- Records to process -
--------------------------------
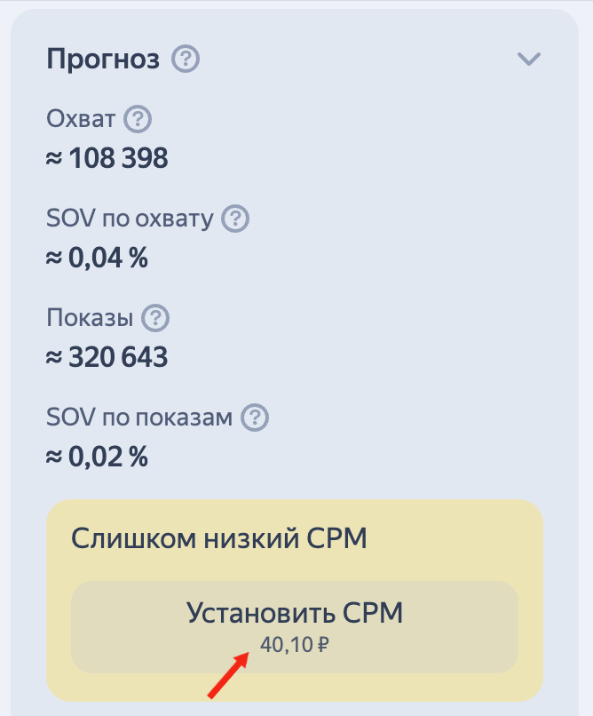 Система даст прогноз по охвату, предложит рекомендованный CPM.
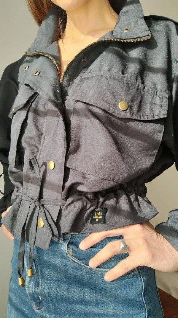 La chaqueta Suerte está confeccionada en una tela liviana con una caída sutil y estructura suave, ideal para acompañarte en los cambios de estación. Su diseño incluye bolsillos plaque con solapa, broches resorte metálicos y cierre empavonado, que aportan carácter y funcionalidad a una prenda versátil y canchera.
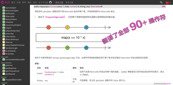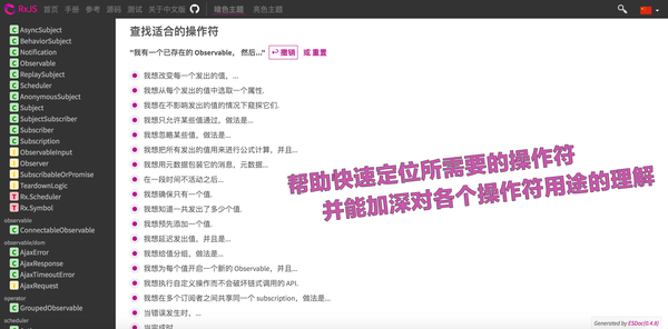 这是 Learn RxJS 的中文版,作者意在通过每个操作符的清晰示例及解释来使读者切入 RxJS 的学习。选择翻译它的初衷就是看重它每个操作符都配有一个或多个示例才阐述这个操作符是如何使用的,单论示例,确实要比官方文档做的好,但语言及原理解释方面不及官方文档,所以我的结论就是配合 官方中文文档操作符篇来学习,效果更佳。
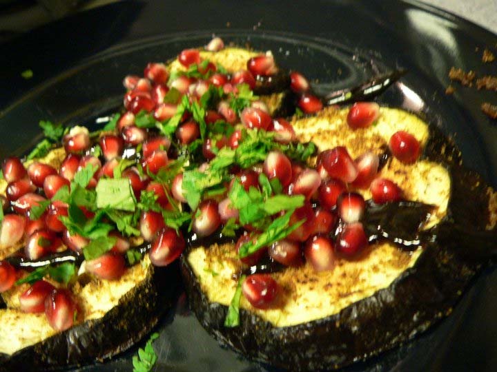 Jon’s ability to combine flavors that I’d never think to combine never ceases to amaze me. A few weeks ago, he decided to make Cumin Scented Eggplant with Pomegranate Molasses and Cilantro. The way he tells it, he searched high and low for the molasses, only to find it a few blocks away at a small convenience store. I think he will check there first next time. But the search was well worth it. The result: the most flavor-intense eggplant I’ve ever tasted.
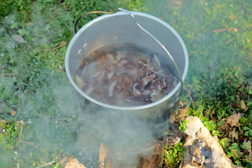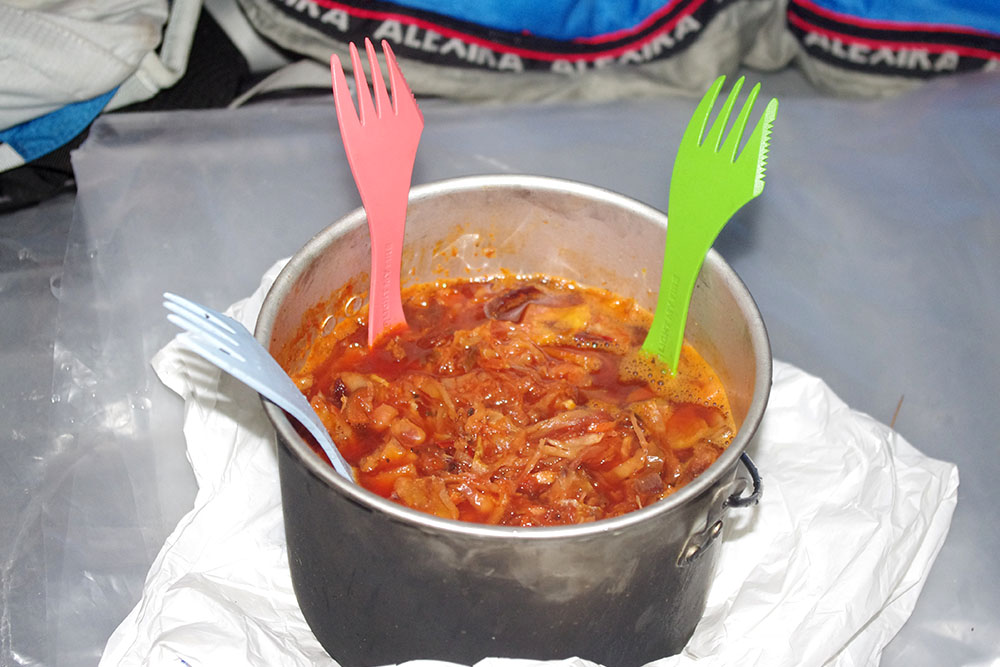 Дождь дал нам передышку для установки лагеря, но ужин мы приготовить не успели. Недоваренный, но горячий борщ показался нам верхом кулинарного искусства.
--------------------------------
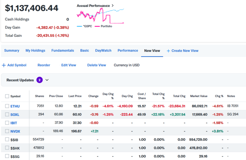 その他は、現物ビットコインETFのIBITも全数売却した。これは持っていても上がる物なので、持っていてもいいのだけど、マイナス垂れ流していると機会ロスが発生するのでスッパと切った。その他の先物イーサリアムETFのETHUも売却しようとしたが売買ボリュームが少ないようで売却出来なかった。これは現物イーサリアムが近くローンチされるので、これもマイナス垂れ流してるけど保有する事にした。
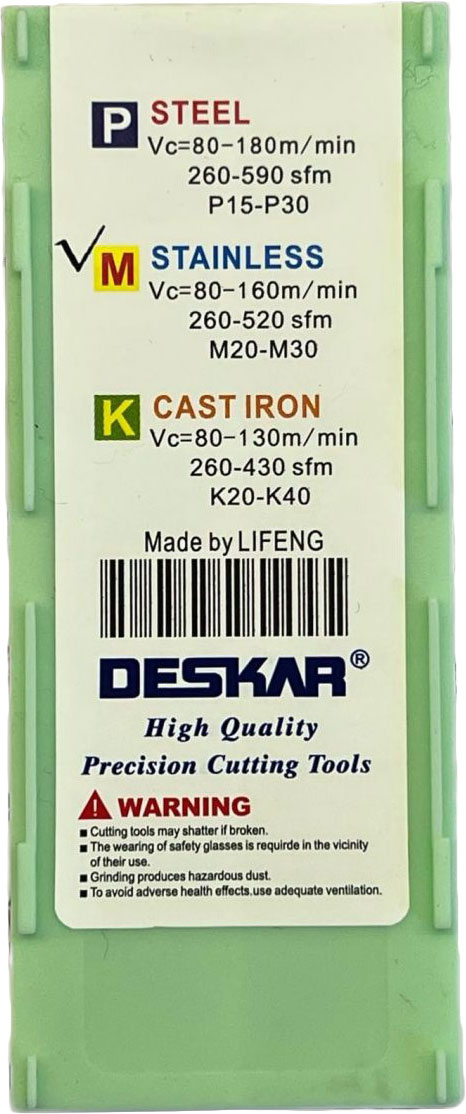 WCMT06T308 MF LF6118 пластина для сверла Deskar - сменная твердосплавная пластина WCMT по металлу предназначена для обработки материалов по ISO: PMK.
--------------------------------
- What to produce -
Every line above between the one containing "その他は、現物ビットコインE" and the one containing "WCMT06T308 MF LF6118", those two included, is to be printed exactly. No pictures go into the copy.

- Result of this task -
 その他は、現物ビットコインETFのIBITも全数売却した。これは持っていても上がる物なので、持っていてもいいのだけど、マイナス垂れ流していると機会ロスが発生するのでスッパと切った。その他の先物イーサリアムETFのETHUも売却しようとしたが売買ボリュームが少ないようで売却出来なかった。これは現物イーサリアムが近くローンチされるので、これもマイナス垂れ流してるけど保有する事にした。
 WCMT06T308 MF LF6118 пластина для сверла Deskar - сменная твердосплавная пластина WCMT по металлу предназначена для обработки материалов по ISO: PMK.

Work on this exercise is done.